## Problem
The data below holds a line containing "Bald könnten alle" and a line containing "Auch die Doppelstaatsbürgerschaft"; please quote exactly those two lines and every line between them, and nothing else.

----

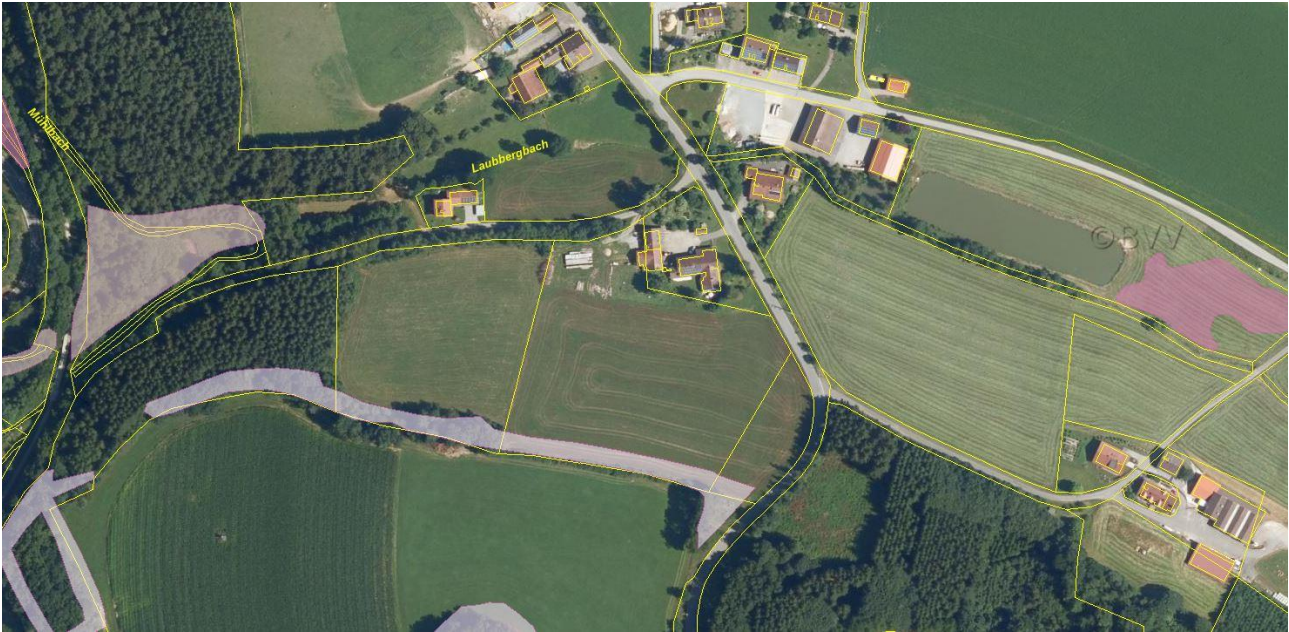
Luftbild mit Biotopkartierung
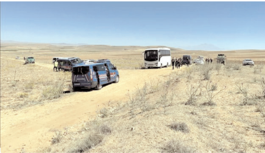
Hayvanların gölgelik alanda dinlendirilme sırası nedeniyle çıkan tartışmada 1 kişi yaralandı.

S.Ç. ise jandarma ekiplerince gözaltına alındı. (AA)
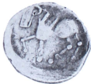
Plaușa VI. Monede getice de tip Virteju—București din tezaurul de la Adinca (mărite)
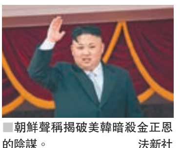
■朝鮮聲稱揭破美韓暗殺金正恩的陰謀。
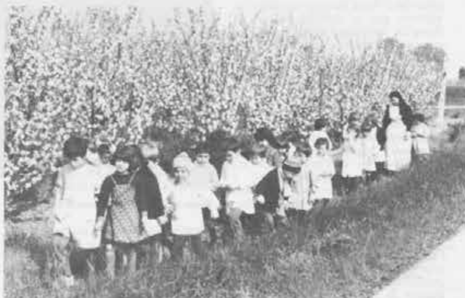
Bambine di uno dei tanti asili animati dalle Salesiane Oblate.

----

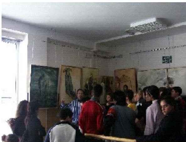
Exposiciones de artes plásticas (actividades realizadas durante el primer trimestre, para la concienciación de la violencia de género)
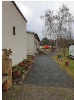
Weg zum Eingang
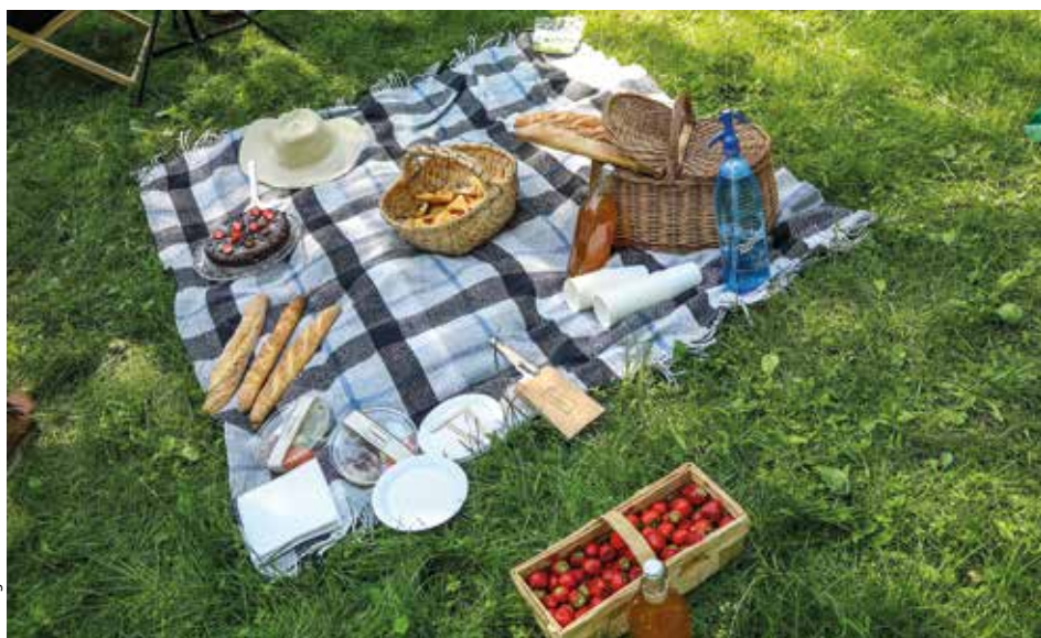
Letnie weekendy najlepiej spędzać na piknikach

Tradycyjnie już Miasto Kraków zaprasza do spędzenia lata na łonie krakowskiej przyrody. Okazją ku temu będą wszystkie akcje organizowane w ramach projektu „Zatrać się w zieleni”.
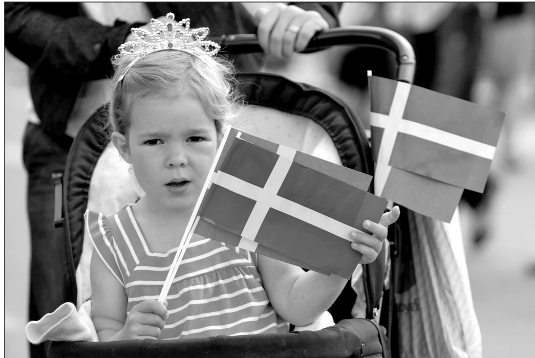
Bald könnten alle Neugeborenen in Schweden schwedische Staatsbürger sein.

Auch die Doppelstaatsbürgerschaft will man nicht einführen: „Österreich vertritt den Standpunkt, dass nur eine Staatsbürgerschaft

----

## Response area
Bald könnten alle Neugeborenen in Schweden schwedische Staatsbürger sein.

Auch die Doppelstaatsbürgerschaft will man nicht einführen: „Österreich vertritt den Standpunkt, dass nur eine Staatsbürgerschaft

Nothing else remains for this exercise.